Assignment:
What is needed is an exact copy of the lines in the entries below from the one holding "Historique du nombre" through the one holding "band. To configure", pictures excluded.

----------------

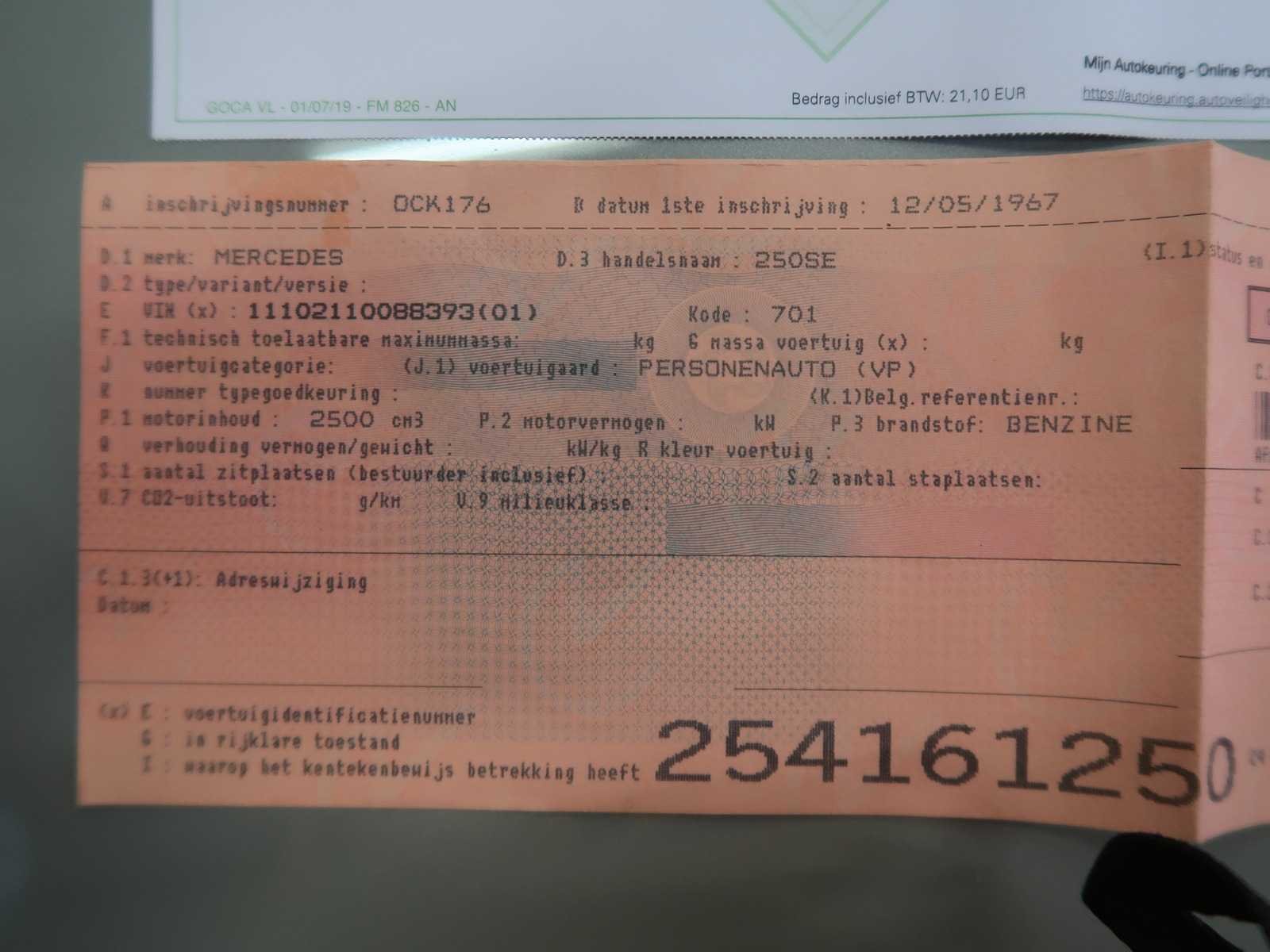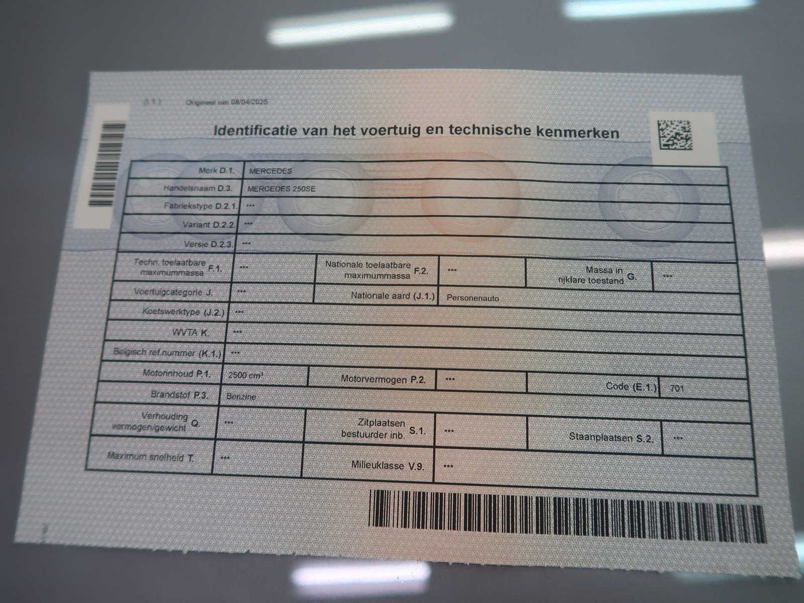 Beautiful Mercedes 250SE Coupe. The car is driven only in good weather and handles superbly. Currently, it is equipped with a 280 6-cylinder engine under the hood, which performs exceptionally well. For the true enthusiast of a beautiful Coupe, this is a wonderful opportunity. No Chassisnummer: 11102110088393 Merk: Mercedes Model: W111 Type: 250Se Afgelezen kilometerstand: 35378km Brandstof: Gasoline Datum eerste toelating: 12/05/1967 Nationaliteit documenten: BE Carrosserie: Coupe Transmissie: Automatic Drive type: Achterwiel Aantal deuren: 2 Aantal zitplaatsen: 4 Stuurwiel: Left Aantal sleutels: 1 Startinformatie: Start, Drive, Brake Kleur: Silver Cilinderinhoud: 2800 Aantal cilinders: 6
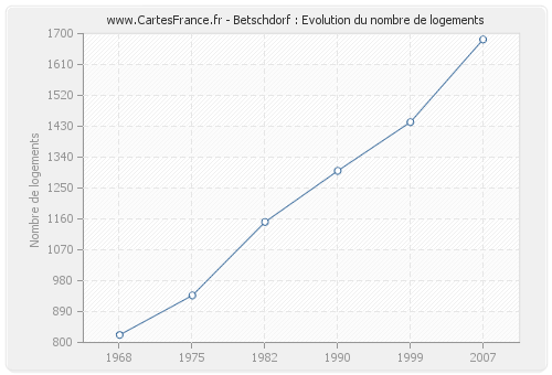Historique du nombre de logements de Betschdorf de 1968 à 2007 :
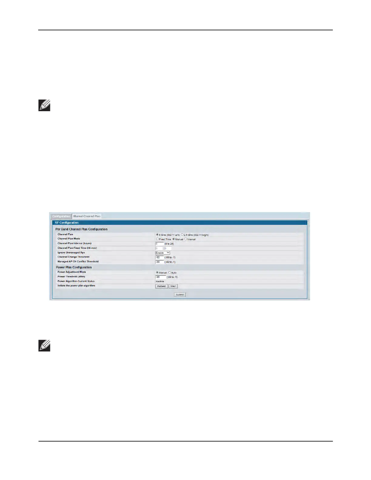 band. To configure Channel Plan and Power Adjustment settings, click AP Management > RF Management.
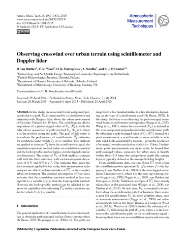 van Dinther, D., Wood, C. R., Hartogensis, O. K., Nordbo, A. and O'Connor, E. J. (2015) Observing crosswind over urban terrain using scintillometer and Doppler lidar. Atmospheric Measurement Techniques, 8 (4). pp. 1901-1911. ISSN 1867-8548 doi: 10.5194/amt-8-1901-2015
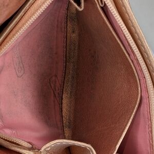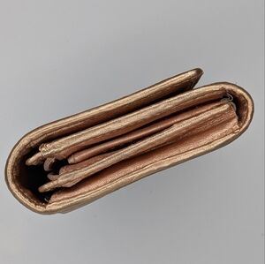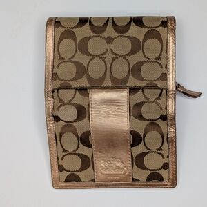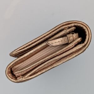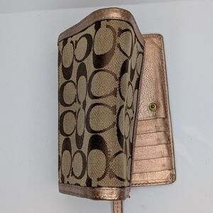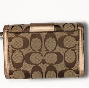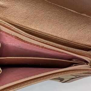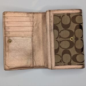 Coach Wallet Signature Canvas Trifold Khaki Brown Rose Gold Metallic Leather

----------------

Answer for the task:
Historique du nombre de logements de Betschdorf de 1968 à 2007 :
 band. To configure Channel Plan and Power Adjustment settings, click AP Management > RF Management.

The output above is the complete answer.